**WORK TO COMPLETE**: Print the listing below a second time, exactly, and omit its images.

**GIVEN DATA**:
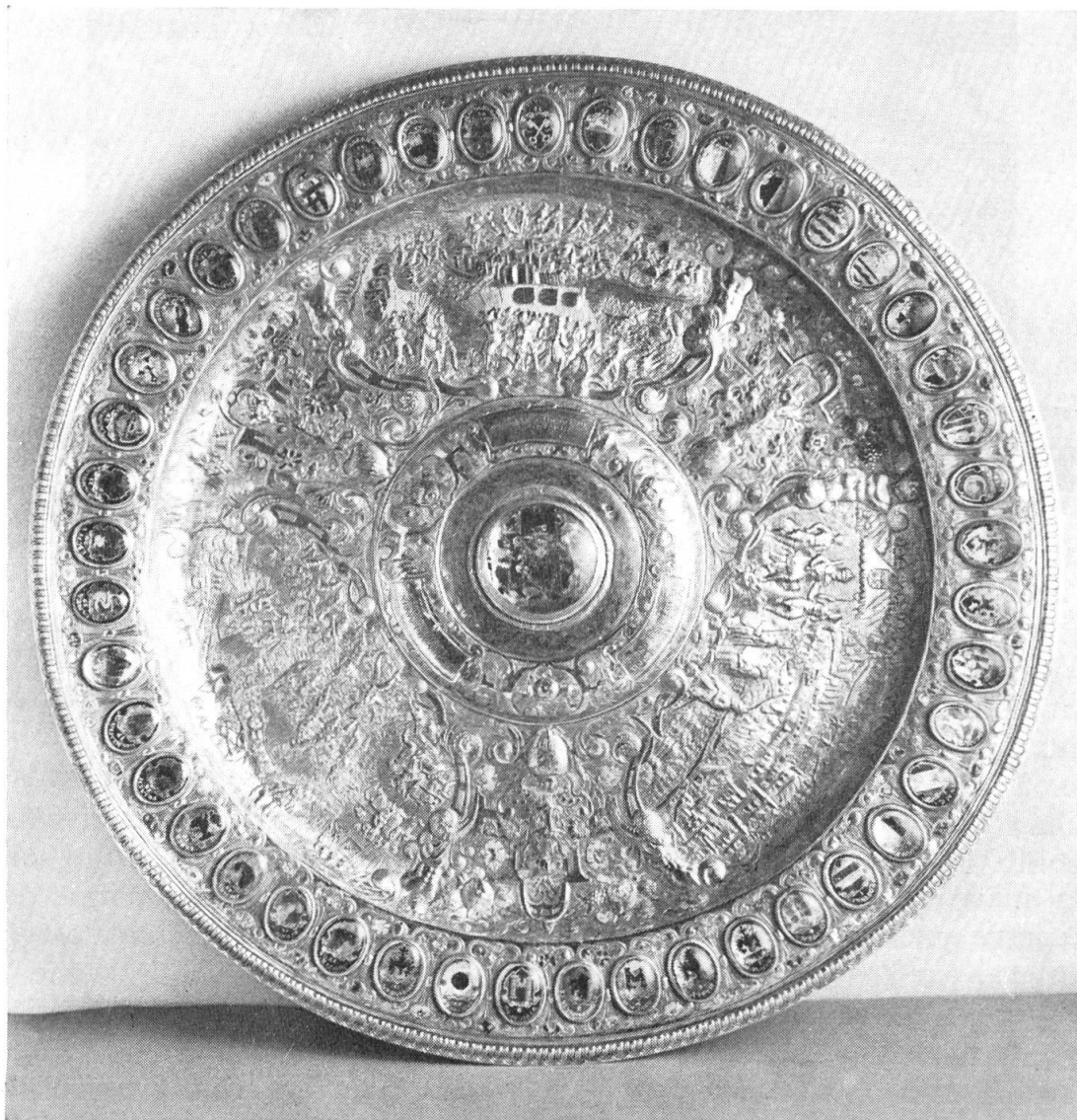
Fig. 3. Plat de vermeil aux armes des baillages de la République de Berne, 1583. (Les armoiries d'Yverdon se trouvent à 2 heures.)

vons au-dessous de la vue de Berne vers 1660 reproduite dans le DHBS . Il figure aussi mais sans l'Y au fronton de l'Hôtel-de-Ville d'Yverdon, construit en 1767.
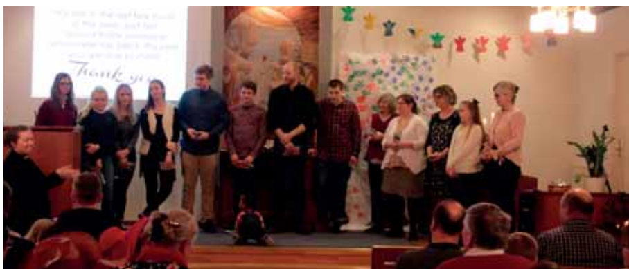
Tack till ledarna för 2017.
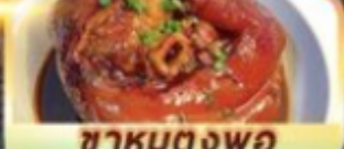
ชาหมตงฟอ

**EXPECTED OUTPUT**:
Fig. 3. Plat de vermeil aux armes des baillages de la République de Berne, 1583. (Les armoiries d'Yverdon se trouvent à 2 heures.)

vons au-dessous de la vue de Berne vers 1660 reproduite dans le DHBS . Il figure aussi mais sans l'Y au fronton de l'Hôtel-de-Ville d'Yverdon, construit en 1767.
Tack till ledarna för 2017.
ชาหมตงฟอ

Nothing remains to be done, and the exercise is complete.